We describe an x-ray differential phase-contrast imaging method based on two-dimensional transmission gratings that are directly resolved by an x-ray camera. X-ray refraction and diffraction in the sample lead to variations of the positions and amplitudes of the grating fringes on the camera. These effects can be quantified through spatial harmonic analysis. The use of 2D gratings allows differential phase contrast in several directions to be obtained from a single image. When compared to previous grating-based interferometry methods, this approach obviates the need for multiple exposures and separate measurements for different directions and thereby accelerates imaging speed.

© 2010 Optical Society of America

Recently, advances in x-ray phase-sensitive imaging techniques have demonstrated dramatic enhancement of contrast between materials of different indices of refraction [1, 2, 3], while x-ray diffraction or dark-field techniques reveal information about microscopic structures unseen in traditional absorption images [4, 5]. Phase-grating-based Talbot interferometry methods [6, 7] have demonstrated quantitative differential phase contrast (DPC) [8, 9, 10] and diffraction [11] images at high spatial resolution and sensitivity using conventional x-ray tubes and detectors.
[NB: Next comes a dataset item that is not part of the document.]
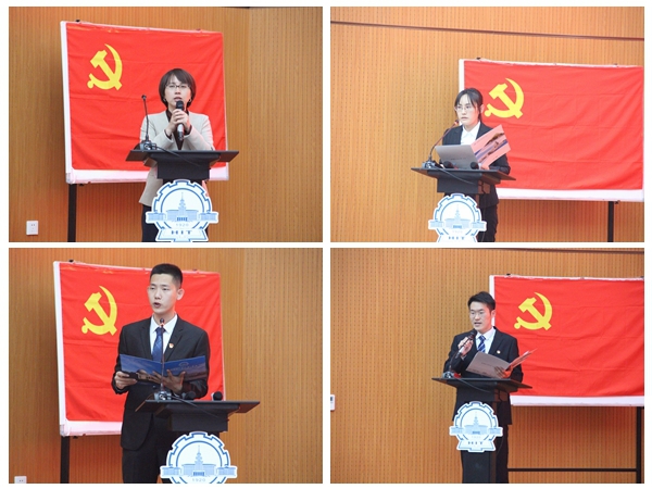 仪式在《国际歌》的旋律中拉开帷幕,学院党建工作办公室主任谭军华宣读了参加入党宣誓的预备党员名单,学院党委副书记谢芳琳、学生支部第一书记姜琪、王如晨、各学生党支部书记和和优秀党员代表为预备党员佩戴党徽。预备党员代表杨柏汇和张一童的领誓,预备党员们举起右拳,共同在党旗下庄严宣誓。院学生会主席卢家辉作为预备党员代表发言,他表示在这个庄严的会场上,大家共同经历了一次神圣的蜕变。在今后的日子里一定牢记今天的誓言,不断提高党性修养,不断提高自身素质和本领,做一名经得起考验的共产党员。2019级学生王兆瑞作为积极分子代表发言,他表示要以优秀党员为榜样,不断提升自我,积极向党组织靠拢,争取早日成为一名党员。党委副书记谢芳琳在讲话中提到,2021年是中国共产党成立100周年,也是“十四五”开局之年,必将在中国历史上留下浓墨重彩的标注,今天能够参加入党宣誓仪式意义重大,同时她对现场的党员们提出寄语,要牢记哈工人许党报国的底色,赓续红色基因,争做时代新人。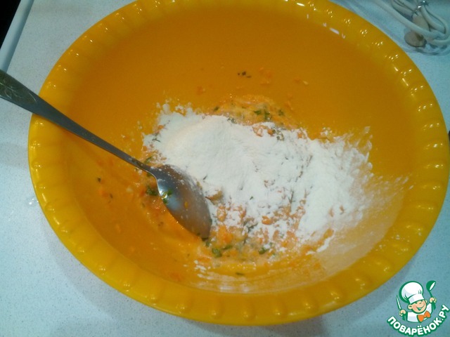 • Далее добавляем муку в овощную смесь с яйцом=>

However, its speed is limited by the need to scan an anal yzer grating. Techniques based on precisely aligned coded apertures have also shown phase-contrast effects in the transmission image [12], but more than one exposure is needed to separate phase-contrast information from absorption.
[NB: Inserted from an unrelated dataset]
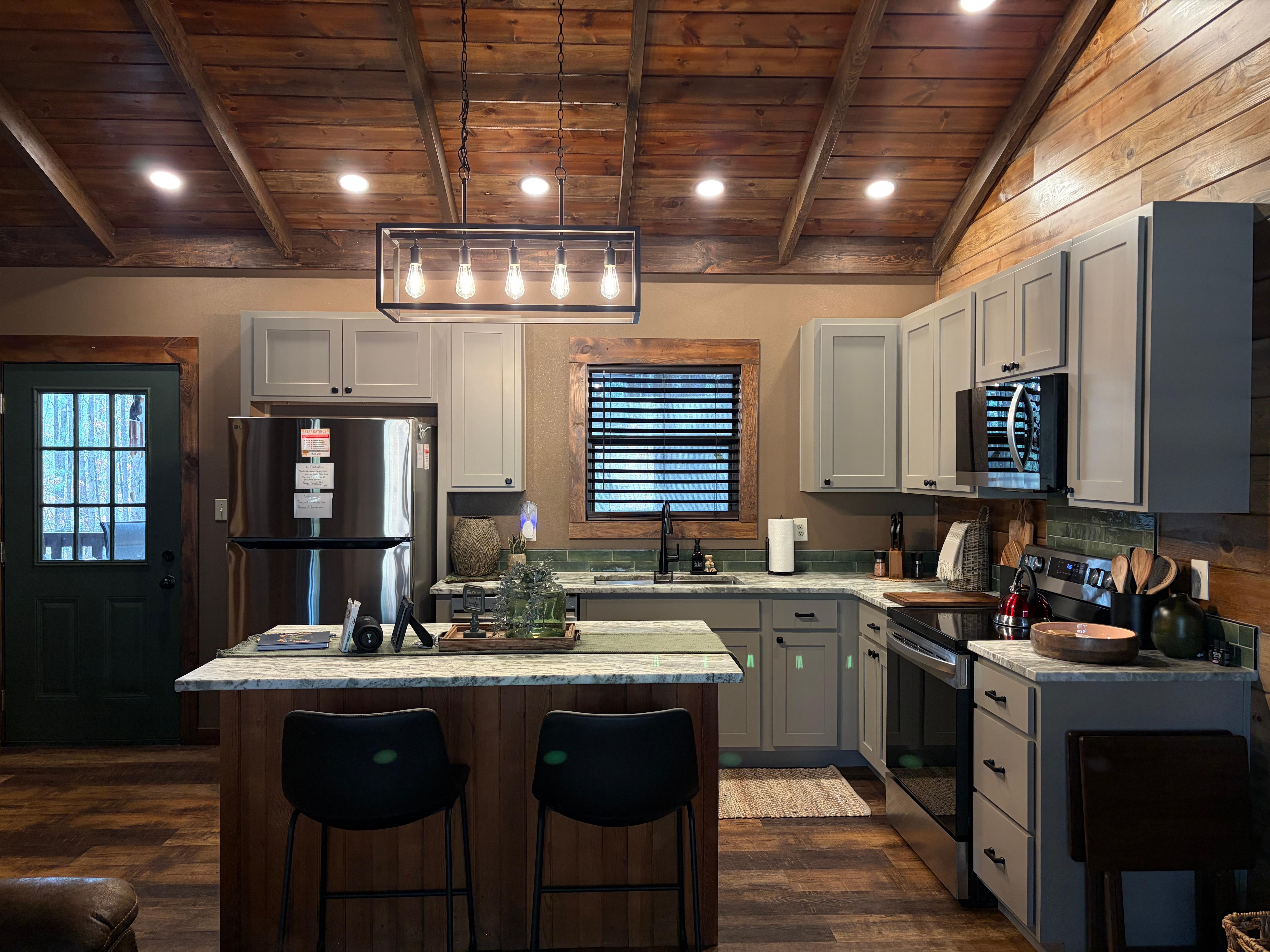 We loved our stay at Twisted Pine Cabin! Everything was so clean and beautifully decorated. Kitchen was stocked with everything you would need, including basic spices which was nice. Loved the coffee bar and all the extra snacks provided. Relaxing on the back deck around the fireplace or in the hot tub was our favorite. Will definitely be back!!

For a variety of applications that require speed, we developed a variant grating-based method to obtain absorption, differential phase-contrast, and diffraction from a single raw image, called the spatial harmonic method [13, 14]. Here, a single transmission grating of lower density is placed in the beam of an x-ray tube [15] (Fig. 1). The imaging device consisted of a 50 W tungsten target x-ray tube of 50μm focal spot size operating at 1mA/50kVp/30s exposure, an x-ray camera consisting of a 16-bit water-cooled CCD array of matrix size of 2045×2048 and pixel size of 30μm, coupled to a Gd2O2S:Tb phosphor screen via a 1:1 fiber optic taper, and a radiography Bucky grid that acted as the transmission grating. The source-camera distance was 1.0m, and the grid was placed exactly midway between the two. Imaged objects were placed at 12.5cm from the source and magnified eight times by the cone beam geometry. The grid was an off-the-shelf square Bucky grid of 200lines/in. density (127μm period). Structurally, it was a stack of two orthogonal linear grids made of alternating lead and aluminum stripes. In this setting, the fractional Talbot distance was approximately 5m for a parallel beam, and it extends beyond infinity in the cone beam configuration. Thus, the x rays simply project the grid pattern achromatically onto the camera. The camera resolution was high enough to directly resolve the grid lines. The speed of this approach has permitted in vivo imaging of live animals (manuscript in preparation).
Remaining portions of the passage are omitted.